**Task prompt:**
Return the full listing unchanged, apart from leaving out its images.
Dataset extract: Begin
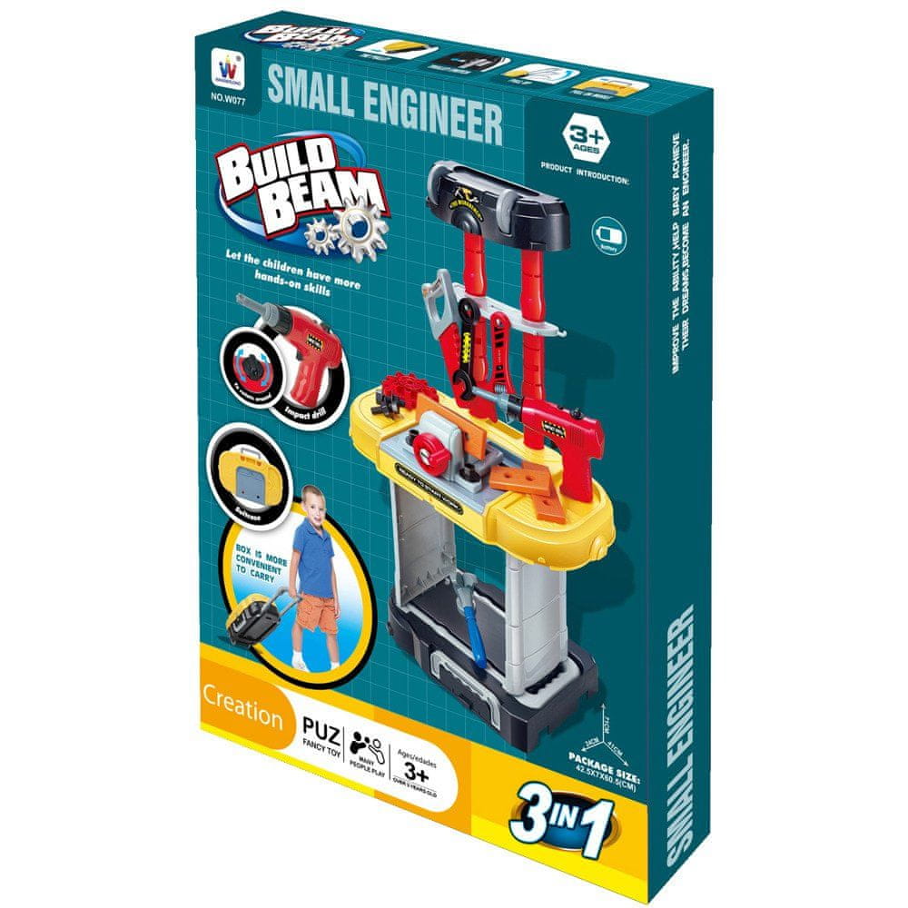 Komplet Little Tinkerer's Kit bo vašemu otroku prinesel veliko zabave in pozitivno vplival na njegov razvoj. Razvija se petljanjeročne spretnostiindomišljija. Edinstven dizajn omogoča, da se delavnica zloži vkovček na koleščkih,tako da lahko vaš malček vzame svojo igračo kamor koli želi.
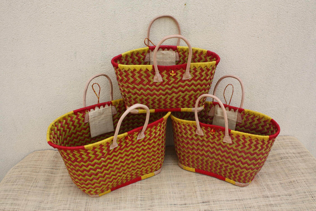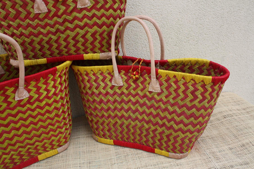 Panier paille rouge & jaune – Sac plage cabas osier marché artisanal Madagascar, rotin tressé main, anses cuir (3 tailles)
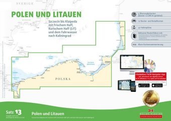 Der Satz 13 der Delius Klasing Sportbootkarten enthält 5 Überseglerkarten sowie 16 Revier- und Detailkarten zur Navigation an der polnischen und litauischen Ostseeküste von Stettin bis Klaipeda mit Frischem Haff und Kurischem Haff.
Dataset extract: End
**Response to the task:**
 Komplet Little Tinkerer's Kit bo vašemu otroku prinesel veliko zabave in pozitivno vplival na njegov razvoj. Razvija se petljanjeročne spretnostiindomišljija. Edinstven dizajn omogoča, da se delavnica zloži vkovček na koleščkih,tako da lahko vaš malček vzame svojo igračo kamor koli želi.
 Panier paille rouge & jaune – Sac plage cabas osier marché artisanal Madagascar, rotin tressé main, anses cuir (3 tailles)
 Der Satz 13 der Delius Klasing Sportbootkarten enthält 5 Überseglerkarten sowie 16 Revier- und Detailkarten zur Navigation an der polnischen und litauischen Ostseeküste von Stettin bis Klaipeda mit Frischem Haff und Kurischem Haff.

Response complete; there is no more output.